Pero hoy ha sido un buen día, que me han salido un par de proyectos que si van para delante os los contaré en breve. No sería mucho, pero me mantendría ocupada un tiempo. Prometo contarlo cuando sepa algo cierto.
Y si os preguntáis por las fotos que ayer prometí, tened paciencia, que aunque haya vuelto el calor (sí, ha vuelto, y con ganas) hoy estaba nublado y quiero hacerlas cuando haga sol. ¡A ver si mañana puede ser!

No gano para sustos

Había leído en varios blogs que algunos alemanes son un poco “horchatosos” y se lo toman todo con muuucha tranquilidad. Hasta este momento no me parecía que fueran así los que veo a mi alrededor,  pero lo de esta mañana me ha dejado sin palabras. Mira que al final van a tener razón.

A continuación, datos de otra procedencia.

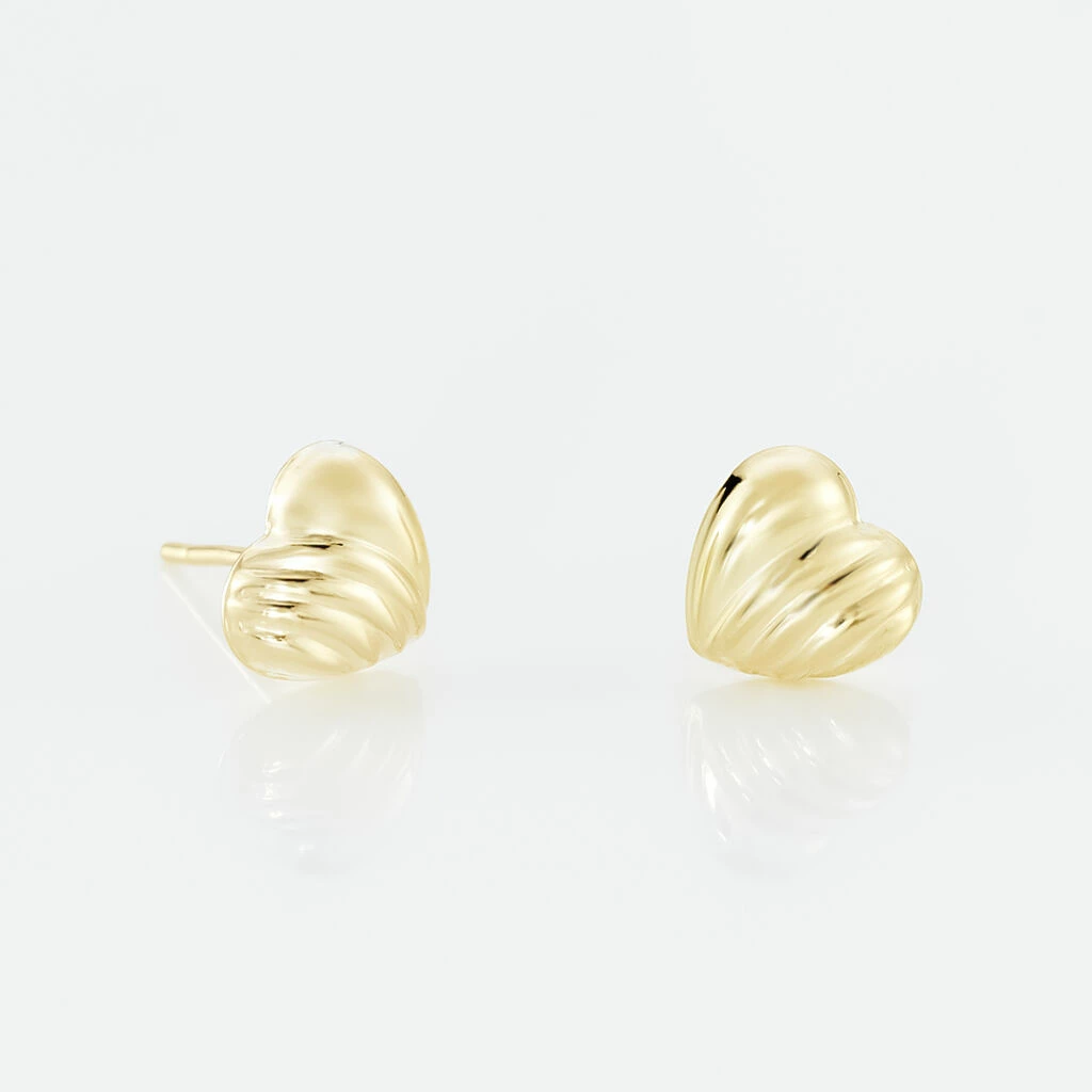 Boucles D’oreilles Or Jaune 375/1000 Cœur Strie Pm
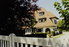 De afbeelding 'Dubbele villa Philemon / Baucis' gemaakt door Callaert, Gonda wordt ter beschikking gesteld door Agentschap Onroerend Erfgoed (AOE) onder de volgende voorwaarden: Modellicentie voor gratis hergebruik, Naamsvermelding-GelijkDelen 4.0 Internationaal.
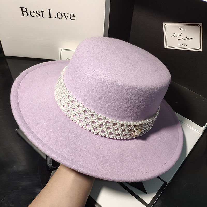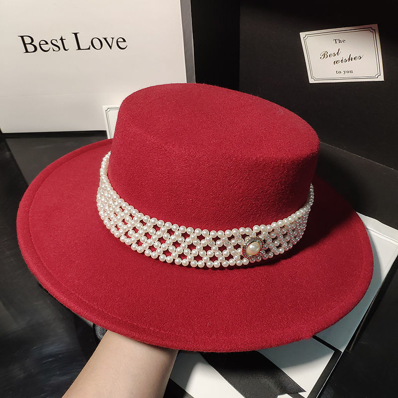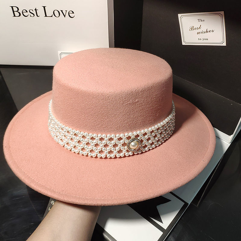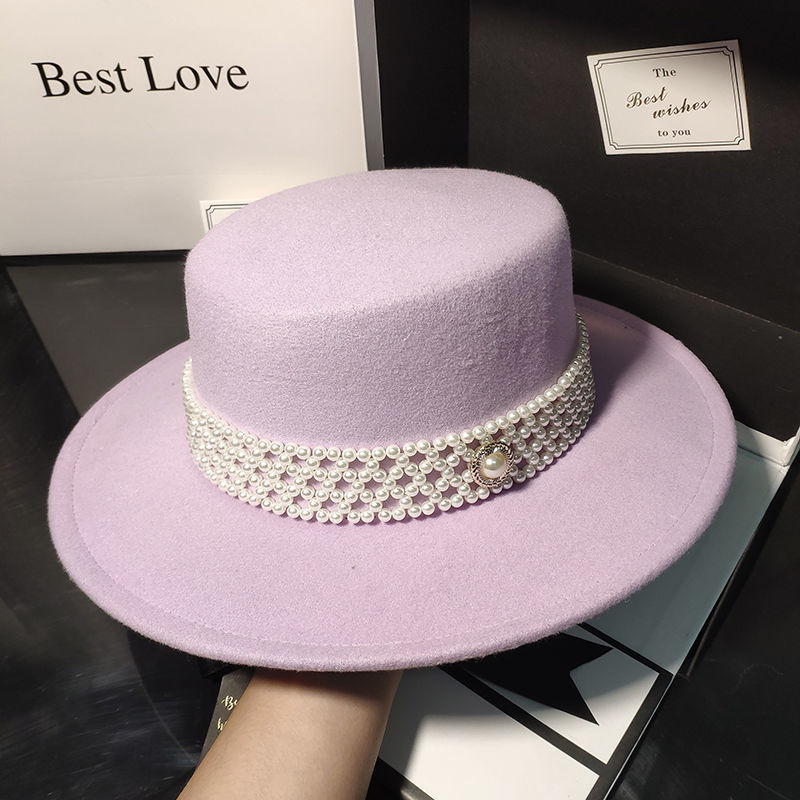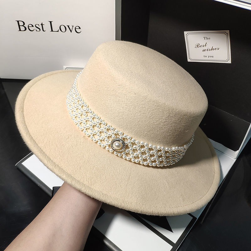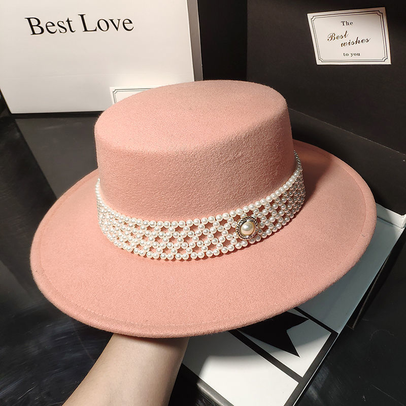 法式优雅平顶毛呢帽子女气质名媛仿羊毛礼帽秋冬英伦复古珍珠毡帽
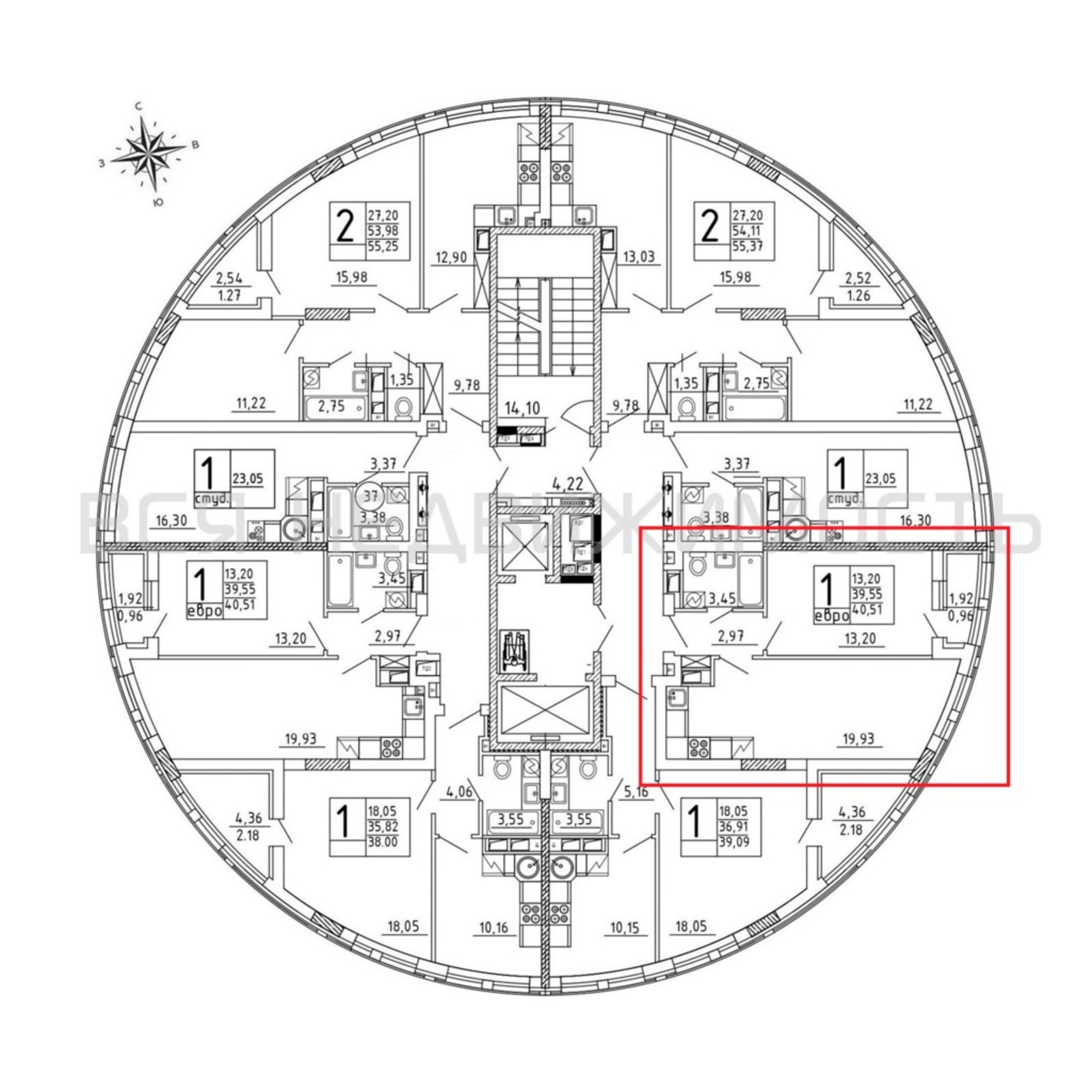 Общая площадь39.55 м²

Esta mañana a eso de las 10:00 ha sonado una gran explosión en el pueblo y me he llevado un susto tremendo. En ese momento estaba remoloneando en la cama despierta y ha retumbado toda la caravana. Corriendo he ido a todas las ventanas a ver si se veía algún tipo de humo o algún indicio de la explosión, pero nada. Antes de deciros los siguiente que he visto, he de deciros que vengo de un pueblo donde en Marzo hay fallas, y he vivido en Valencia, así que estoy más que acostumbrada a los petardos, sean del tamaño que sean, y los perretes también. Hasta ellos se han asustado y han venido ladrando al lado de “mami”. Imaginaros como tiene que haber sido.

Pues bien, cuando he dejado de buscar por el cielo alguna señal, me he fijado en los vecinos, en todos los que estaban al solecito en la terraza. ¡Y ni han levantado la vista del periódico o revista! Nada, creo que ni han pestañeado.

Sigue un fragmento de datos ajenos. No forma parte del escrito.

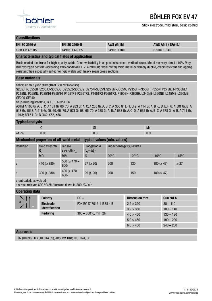 Böhler FOX EV 47 7016 Welding Electrodes
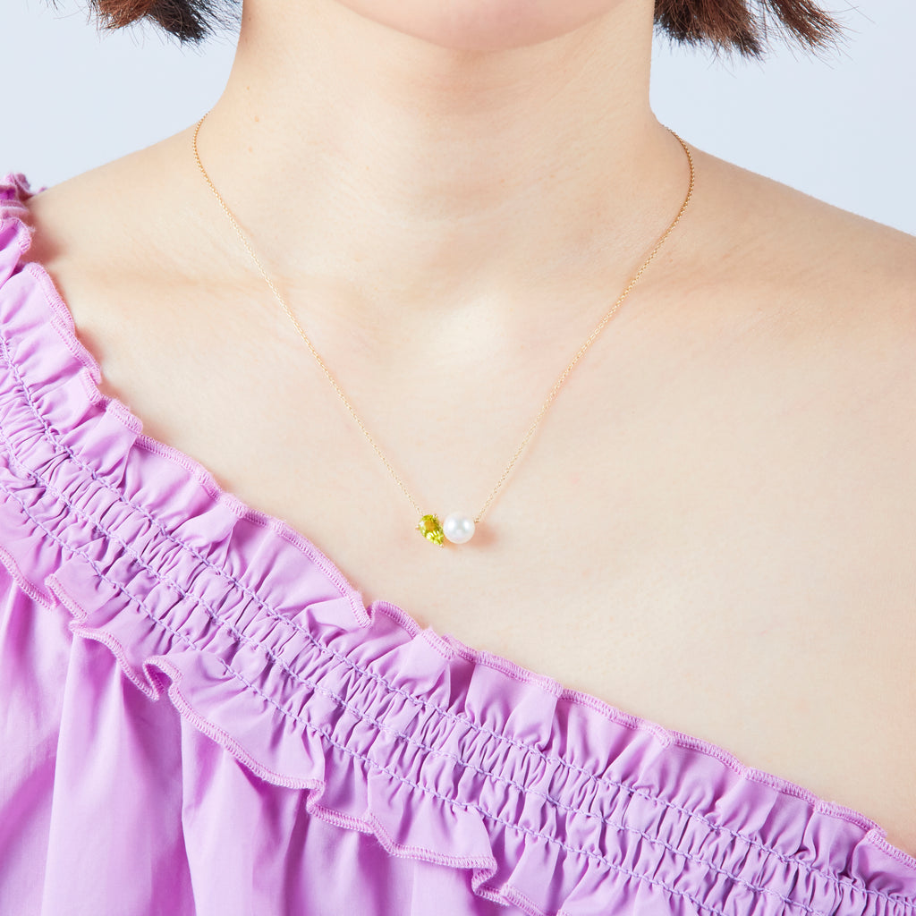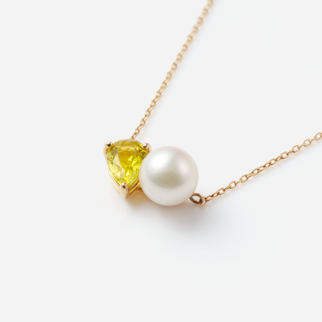 Material: K18YG, Canary Tourmaline(0.84ct), Akoya Pearl
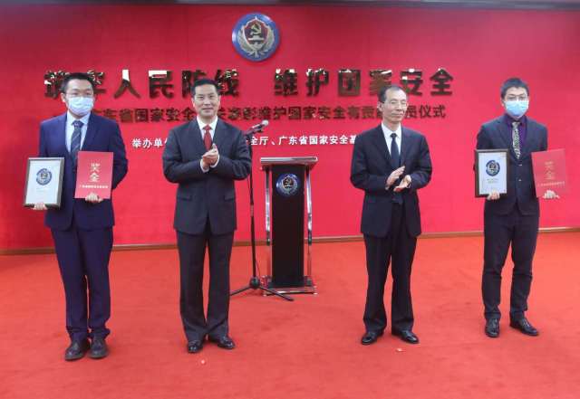 4月14日,广东省国家安全厅和广东省国家安全基金会,联合举办“筑牢人民防线 维护国家安全”表彰活动,对近年来配合广东省国家安全机关工作有贡献人员进行奖励。
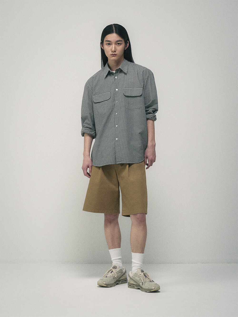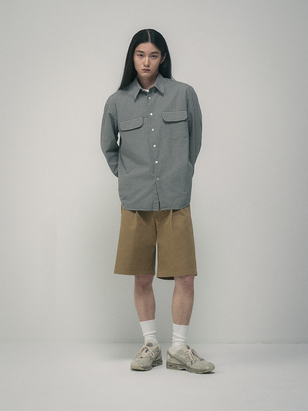 에어체크 원단이라 불리는 깅엄 패턴의 시어서커 원단으로 만든 오피서 셔츠입니다. 1950년대 스포츠 셔츠와 오피서 셔츠의 디테일을 복각한 양쪽 가슴의 플랩 포켓과 소매 커프스로 빈티지 캐주얼 셔츠의 매력을 극대화했습니다. 적당히 여유로운 실루엣의 컴포트 핏 셔츠로 단품으로 착용하거나 티셔츠 위에 가볍게 레이어드 하기에 좋습니다.
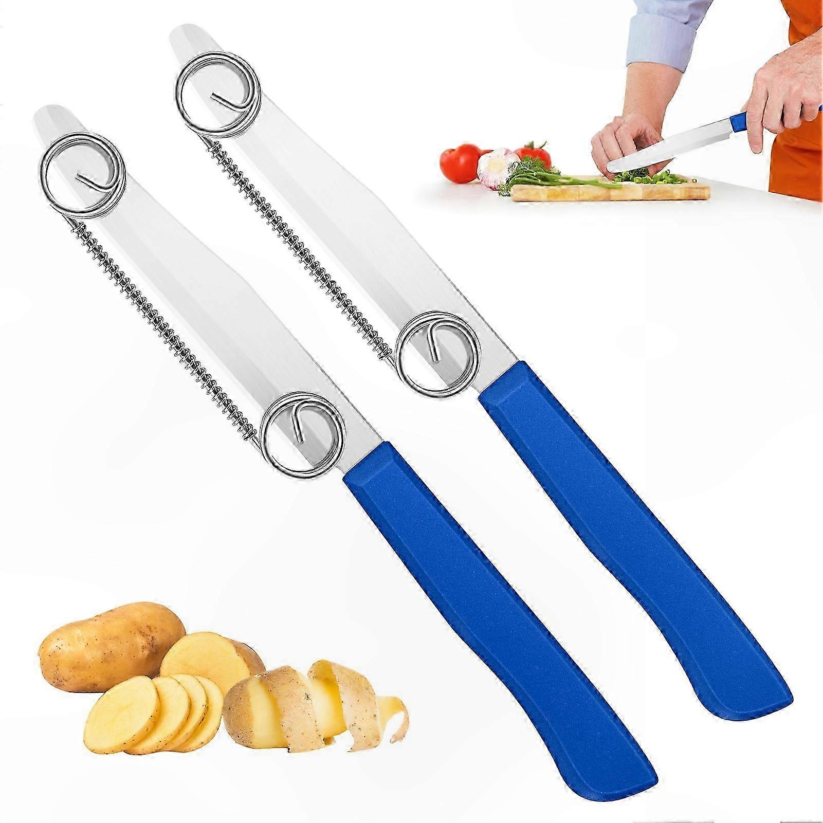 3-in-1 Multi-Functional Peeling Tool with Spring, 2-Pack Fruit Slicing Knife for Quick Prep

Mira, tira y pase que cuando suenan las alarmas del pueblo ni se inmuten (que yo a día de hoy no sé porqué suenan de vez en cuando) debe ser que están acostumbrados y saben el motivo. Pero desde que estoy aquí es la primera vez que algo revienta con esa potencia y no debe ser nada normal. ¡Pero qué poca sangre en las venas! Yo acojonada y el resto tan tranquilos.

Y claro, otra vez se interpone la berrera lingüística. ¿Como le pregunto yo a alguien que es lo que ha pasado? “Oye, esta mañana (con gestos) ¡Bum!” Igual en vez de responderme se descojonan de mí (o igual no, que el humor no lo tienen muy arraigado). De todas maneras, no creo que pudiera llegar a entenderlos. Y entre eso y que hoy a tocado tarde de dentista otra vez, pues sigo con la intriga.

A ver si mañana consigo averiguar que ha pasado, y ya de paso por qué suenan las puñeteras sirenas, que estoy más mosqueada que un pavo en Navidad con tanto ruido raro y me gustaría tener alguna respuesta. Pero de verdad, cada día me parece un sitio más extraño.